● **The problem**
Omit every picture, and retype the lines that run from the beginning of the data below through the line containing "一例胆总管末端结石嵌顿,急性", inclusive.

● **Raw data**
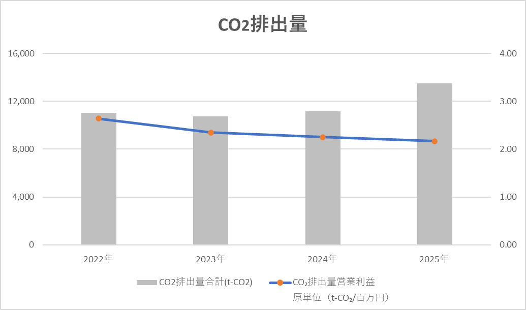 | CO₂排出量合計(t-CO₂) | 11,032 | 10,736 | 11,181 | 13,504 | CO2排出量 (Scope1、2)を 2023年比で 30%の削減 |
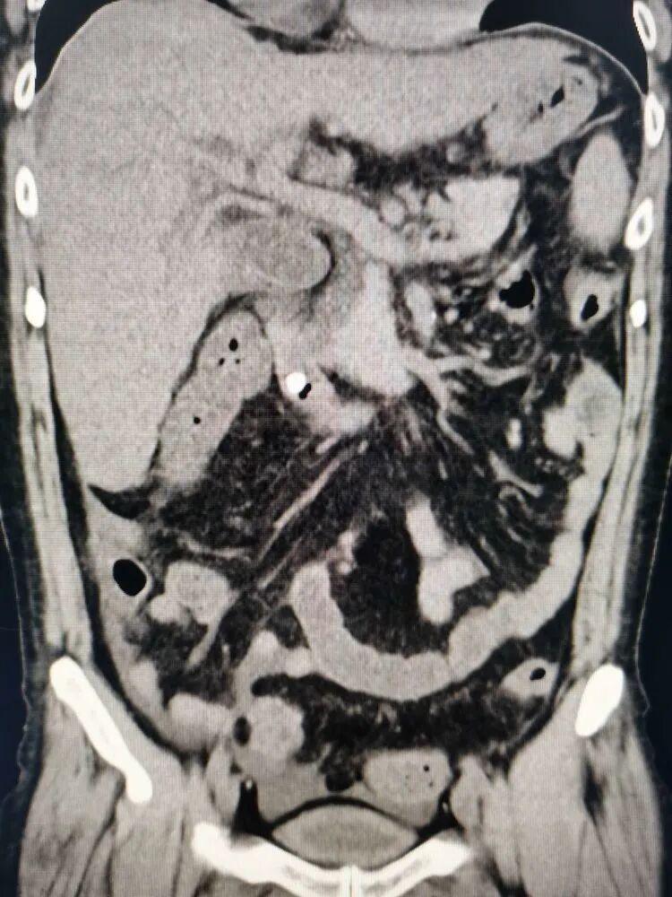 一例胆总管末端结石嵌顿,急性化脓性梗阻性胆管炎,既往合并肝硬化四次消化道大出血,辗转多家省级及市县级医院,疗效不好,反复发作,后慕名来到我院。
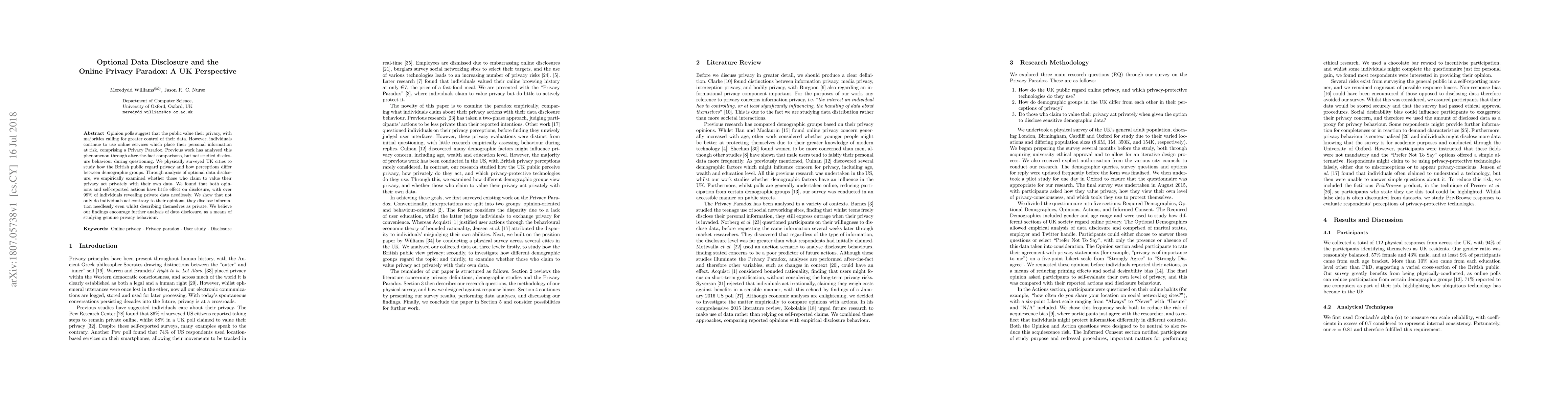 Opinion polls suggest that the public value their privacy, with majorities calling for greater control of their data. However, individuals continue to use online services which place their personal information at risk, comprising a Privacy Paradox. Previous work has analysed this phenomenon through after-the-fact comparisons, but not studied disclosure behaviour during questioning. We physically surveyed UK cities to study how the British public regard privacy and how perceptions differ between demographic groups. Through analysis of optional data disclosure, we empirically examined whether those who claim to value their privacy act privately with their own data. We found that both opinions and self-reported actions have little effect on disclosure, with over 99\% of individuals revealing private data needlessly. We show that not only do individuals act contrary to their opinions, they disclose information needlessly even whilst describing themselves as private. We believe our findings encourage further analysis of data disclosure, as a means of studying genuine privacy behaviour.

● **Task answer**
 | CO₂排出量合計(t-CO₂) | 11,032 | 10,736 | 11,181 | 13,504 | CO2排出量 (Scope1、2)を 2023年比で 30%の削減 |
 一例胆总管末端结石嵌顿,急性化脓性梗阻性胆管炎,既往合并肝硬化四次消化道大出血,辗转多家省级及市县级医院,疗效不好,反复发作,后慕名来到我院。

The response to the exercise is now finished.